_TASK STATEMENT_:
Type the data below again exactly. Omit all pictures.

_DATA PROVIDED_:

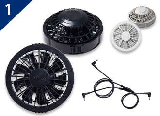 空調服®として使用するためには、ファンとバッテリーのデバイスセットが必要です。
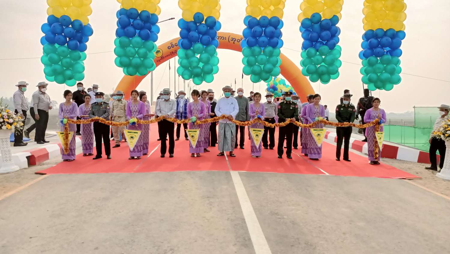 အခမ်းအနားသို့ နိုင်ငံတော်စီမံအုပ်ချုပ်ရေးကောင်စီဝင်၊ Jeng Phang နော်တောင်၊ ဦးရွှေကြိမ်း၊ ဆောက်လုပ်ရေးဝန်ကြီးဌာန ပြည်ထောင်စုဝန်ကြီး ဦးရွှေလေး၊ ပဲခူးတိုင်းဒေသကြီး ဝန်ကြီးချုပ် ဦးမျိုးဆွေဝင်း၊ တောင်ပိုင်းတိုင်းစစ်ဌာနချုပ် တိုင်းမှူး ဗိုလ်မှူးချုပ် ထိန်ဝင်း၊ ပဲခူးတိုင်းဒေသကြီး အစိုးရအဖွဲ့ဝင် ဝန်ကြီးများ၊ စစ်ဘက်၊ နယ်ဘက်မှ ပုဂ္ဂိုလ်များ၊ တိုင်း / ခရိုင် / မြို့နယ်အဆင့် ဌာနဆိုင်ရာတာဝန်ရှိသူများ၊ လူမှုရေးအသင်းအဖွဲ့များမှ ပုဂ္ဂိုလ်များ၊ ရပ်မိ / ရပ်ဖများ၊ ဒေသခံပြည်သူများ၊ ဖိတ်ကြားထားသည့် ဧည့်သည်များ တက်ရောက်ကြသည်။
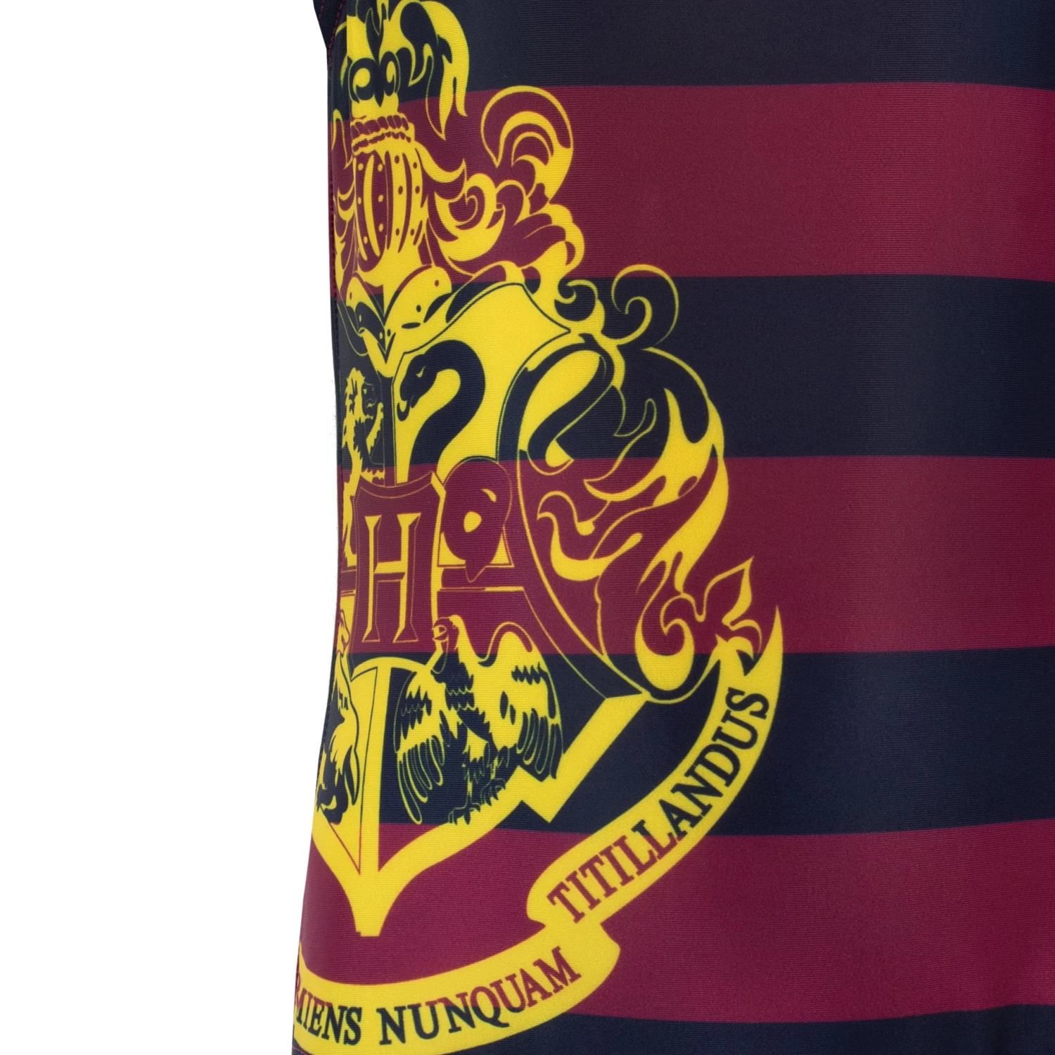 Take the magic of Hogwarts wherever you go with this amazing Harry Potter swimming costume! This enchanting bather comes with burgundy and navy stripes, the name Hogwarts on the chest and the iconic Hogwarts coat of arms to one side. Perfect for witches and muggles alike, this Harry Potter bathing suit is one you should Accio now before it vanishes.
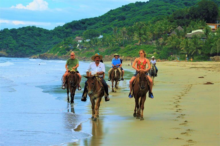 Experience an unforgettable sunset horseback ride led by our skilled cowboys. Tour the village of Higuera Blanca, pass through the jungle, and reach the beach to enjoy 20 minutes of sunset views. Unlimited refreshing drinks (beer, soda, and water) and salty snacks are provided at the beach for a magical experience. Restrictions

_ANSWER FOR THE TASK_:
 空調服®として使用するためには、ファンとバッテリーのデバイスセットが必要です。
 အခမ်းအနားသို့ နိုင်ငံတော်စီမံအုပ်ချုပ်ရေးကောင်စီဝင်၊ Jeng Phang နော်တောင်၊ ဦးရွှေကြိမ်း၊ ဆောက်လုပ်ရေးဝန်ကြီးဌာန ပြည်ထောင်စုဝန်ကြီး ဦးရွှေလေး၊ ပဲခူးတိုင်းဒေသကြီး ဝန်ကြီးချုပ် ဦးမျိုးဆွေဝင်း၊ တောင်ပိုင်းတိုင်းစစ်ဌာနချုပ် တိုင်းမှူး ဗိုလ်မှူးချုပ် ထိန်ဝင်း၊ ပဲခူးတိုင်းဒေသကြီး အစိုးရအဖွဲ့ဝင် ဝန်ကြီးများ၊ စစ်ဘက်၊ နယ်ဘက်မှ ပုဂ္ဂိုလ်များ၊ တိုင်း / ခရိုင် / မြို့နယ်အဆင့် ဌာနဆိုင်ရာတာဝန်ရှိသူများ၊ လူမှုရေးအသင်းအဖွဲ့များမှ ပုဂ္ဂိုလ်များ၊ ရပ်မိ / ရပ်ဖများ၊ ဒေသခံပြည်သူများ၊ ဖိတ်ကြားထားသည့် ဧည့်သည်များ တက်ရောက်ကြသည်။
 Take the magic of Hogwarts wherever you go with this amazing Harry Potter swimming costume! This enchanting bather comes with burgundy and navy stripes, the name Hogwarts on the chest and the iconic Hogwarts coat of arms to one side. Perfect for witches and muggles alike, this Harry Potter bathing suit is one you should Accio now before it vanishes.
 Experience an unforgettable sunset horseback ride led by our skilled cowboys. Tour the village of Higuera Blanca, pass through the jungle, and reach the beach to enjoy 20 minutes of sunset views. Unlimited refreshing drinks (beer, soda, and water) and salty snacks are provided at the beach for a magical experience. Restrictions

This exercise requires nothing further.